┏━━
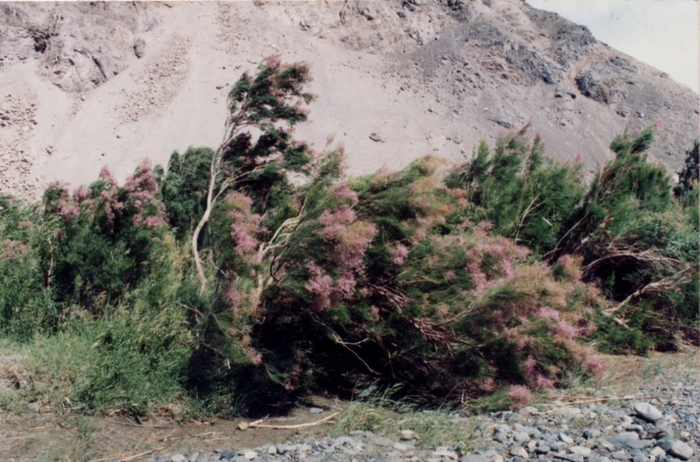 柽柳很“皮实”,喜生于河流冲积地、海滨、滩头、潮湿盐碱地和沙荒地,在很多其他植物活不了的地方,它长得很好。山东省林业科学研究院对柽柳种质资源的研究已逾三十年,副院长刘德玺介绍,柽柳是北方滨海重盐碱地湿地上唯一能生长的木本植物;东部沿海野生柽柳为灌木,外形“疏狂”,但生态价值极高。
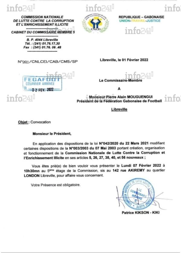 Celui-ci est prié de se présenter ce lundi « 07 Février 2022 à 10h30mn au 5ème étage de la Commission, sis au 142 rue AKIREMY au quartier LONDON Libreville, pour affaire vous concernant », conclu la convocation datée du 1er février et dont la Fegafoot n’a accusé réception que ce mercredi. Affaire à suivre...
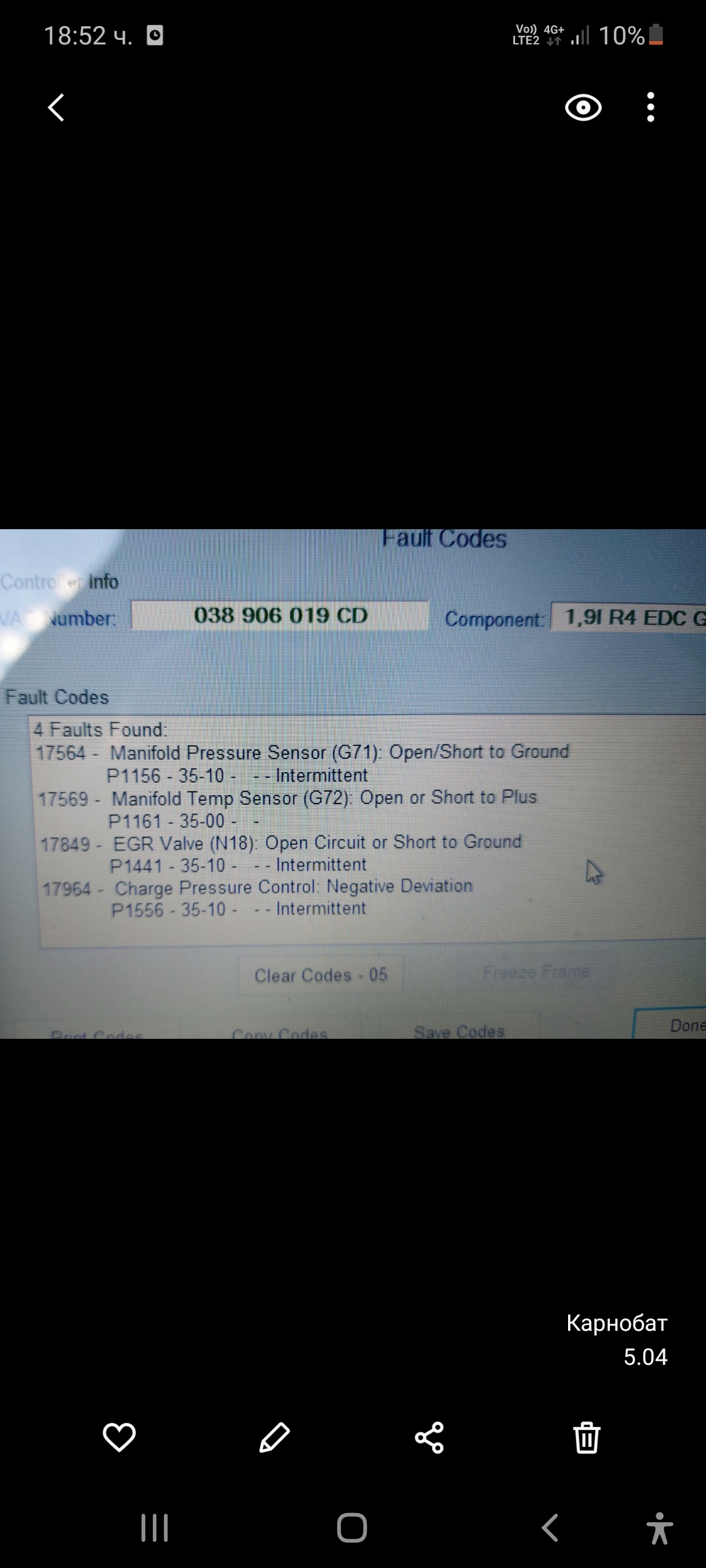 Колеги. Все си го има късното включване на турбото. Актуатора е малко пипнах, но ми заби грешка и в егр n18 грешката за темп сензор я знам. Но др дайте малко помощ n75 или n18 ми е за смяна. Ето и снимка
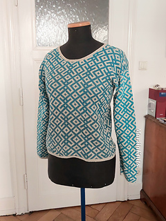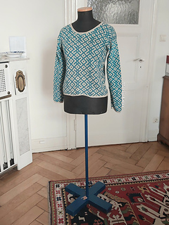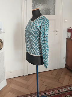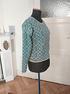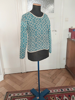 The sweater is worked flat and consists of 4 parts that are then sewn together. Only the collar is worked in rounds.
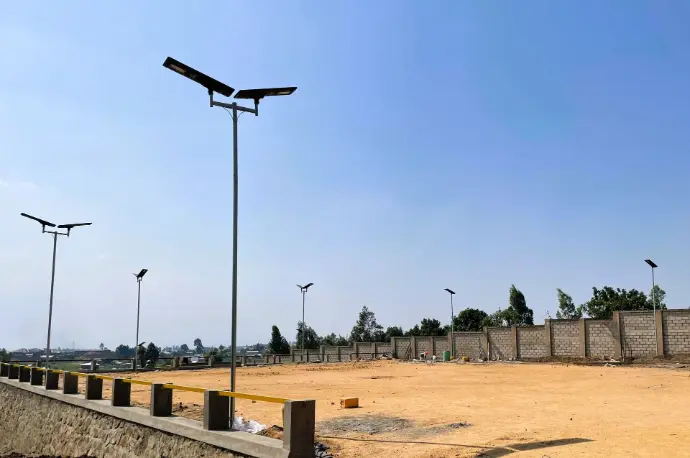 GoShop Energy a assuré la mise en place du nouveau dépôt de Brasimba à Bunia en mettant en œuvre 30 lampadaires solaires SSS-100W-GoPower. Cette approche novatrice a supprimé les dangers d'accidents dus à l'obscurité de la nuit, assurant une sécurité continue et une amélioration de l'efficacité opérationnelle dans ce cadre industriel.
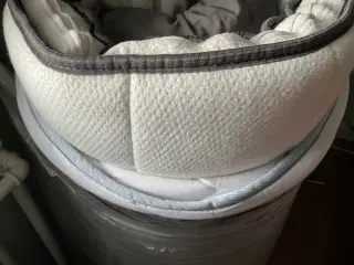 Lækker topmadras, stadig i original indpakning. Opbygget af memoryfoam og kølende gel for god støtte og søvn. Antiskrid-dutter på bagsiden af betrækket. Venstre side af billede nr. 2 viser dens tvilling. Jeg fik bare aldrig taget begge i brug, så nu sælges den ubrugte. Fra røgfrit hjem. Madras i samme serie sælges også. Se min anden annonce.
┗━━
> _WHAT YOU SHOULD DO_
In the records above, everything from the line with "Celui-ci est prié" down to the line with "GoShop Energy a" is to be set down exactly, both ends included, with no pictures and no other lines.

> _RESULT BELOW_
 Celui-ci est prié de se présenter ce lundi « 07 Février 2022 à 10h30mn au 5ème étage de la Commission, sis au 142 rue AKIREMY au quartier LONDON Libreville, pour affaire vous concernant », conclu la convocation datée du 1er février et dont la Fegafoot n’a accusé réception que ce mercredi. Affaire à suivre...
 Колеги. Все си го има късното включване на турбото. Актуатора е малко пипнах, но ми заби грешка и в егр n18 грешката за темп сензор я знам. Но др дайте малко помощ n75 или n18 ми е за смяна. Ето и снимка
 The sweater is worked flat and consists of 4 parts that are then sewn together. Only the collar is worked in rounds.
 GoShop Energy a assuré la mise en place du nouveau dépôt de Brasimba à Bunia en mettant en œuvre 30 lampadaires solaires SSS-100W-GoPower. Cette approche novatrice a supprimé les dangers d'accidents dus à l'obscurité de la nuit, assurant une sécurité continue et une amélioration de l'efficacité opérationnelle dans ce cadre industriel.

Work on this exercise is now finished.